Scanning to your computer first:
- Place the document face-down on the scanner glass
- Open your scanner software (Windows: Windows Fax and Scan; Mac: Image Capture or Preview)
- Choose output format — PDF for documents, JPEG for images
- Select resolution — 300 DPI is standard for readable text; higher DPI increases file size
- Scan, save the file, then open your email client and attach it
Scanning directly to email (on networked printers): Many business-grade printers support Scan to Email as a built-in function. You enter a destination email address directly on the printer's touchscreen. This requires the printer to be connected to your network and configured with outgoing mail server (SMTP) settings — a setup step that varies by printer brand and model.
Method 3: Using a Dedicated Document Scanner
Portable document scanners and desktop sheet-fed scanners are designed for volume. They typically come with companion software that can:
- Automatically name and organize files
- Apply OCR (Optical Character Recognition) to make scanned text searchable and selectable
- Output directly to PDF with bookmarks or multi-page support
These devices connect via USB or Wi-Fi, and their bundled software usually integrates with email clients or cloud storage services.
Sending the Scanned File by Email
Once you have your scanned file, the process is the same regardless of how it was created:
| Email Client | How to Attach |
|---|---|
| Gmail (browser) | Compose → click the paperclip icon → locate and select your file |
| Outlook (desktop) | New Email → Insert tab → Attach File |
| Apple Mail | Compose → drag file into message body, or use Attach button |
| Gmail/Outlook (mobile) | Compose → tap paperclip or attachment icon → browse files |
File size matters. Most email providers impose attachment limits — commonly 25 MB for Gmail and Outlook. A single scanned page at 300 DPI as a PDF is typically well under 1 MB, but multi-page documents or high-resolution scans can grow quickly.
If your file exceeds the limit, upload it to a cloud storage service (Google Drive, Dropbox, OneDrive) and share a link instead of attaching the file directly. Gmail offers this automatically when an attachment exceeds its threshold.
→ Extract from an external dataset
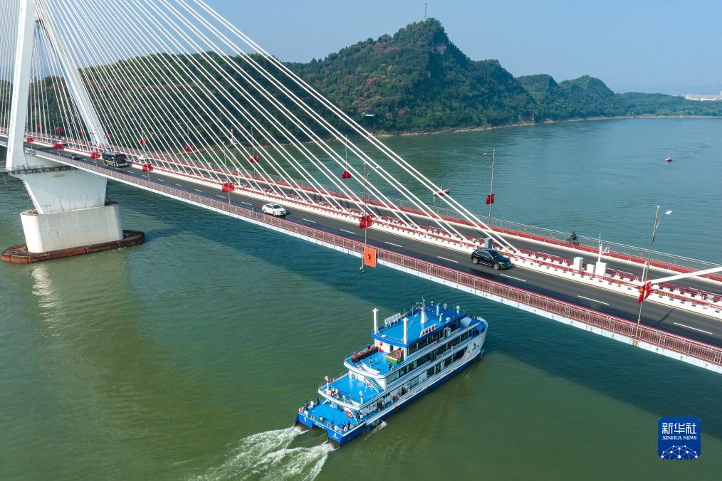 10月11日,“三峽氫舟1”號行駛在長(cháng)江湖北宜昌水域(無(wú)人機照片)。

Factors That Affect Your Experience
The method that works best isn't universal — several variables shape the outcome:
- Volume: Scanning one page occasionally is very different from scanning 50-page documents regularly
- Quality requirements: Legal, medical, or archival documents often require higher DPI and PDF/A format; informal uses rarely do
- Equipment on hand: A smartphone is enough for most casual users; a flatbed scanner is better for fragile or bound documents; a sheet-fed scanner suits high-volume workflows
- Operating system: Scanner driver support, built-in tools, and app availability differ between Windows, macOS, Android, and iOS
- Technical comfort level: Configuring SMTP settings on a networked printer requires more comfort with network settings than using a phone app
- Recipient requirements: Some institutions specify file format, maximum size, or resolution — worth checking before you scan
🗂️ A Note on PDF vs. Image Formats
When in doubt, scan to PDF. A PDF:
- Combines multiple pages into one file
- Maintains consistent formatting across devices and operating systems
- Is the expected format for contracts, applications, and official documents
A JPEG or PNG may be acceptable for a single-page document or a photograph, but PDFs are the safer default for anything that needs to look professional or be reliably printable on the recipient's end.
The right setup — phone, flatbed, or dedicated scanner — comes down to how often you scan, what you're scanning, and what your recipient needs from the file. Those specifics are what determine whether the simplest option is the right one for you.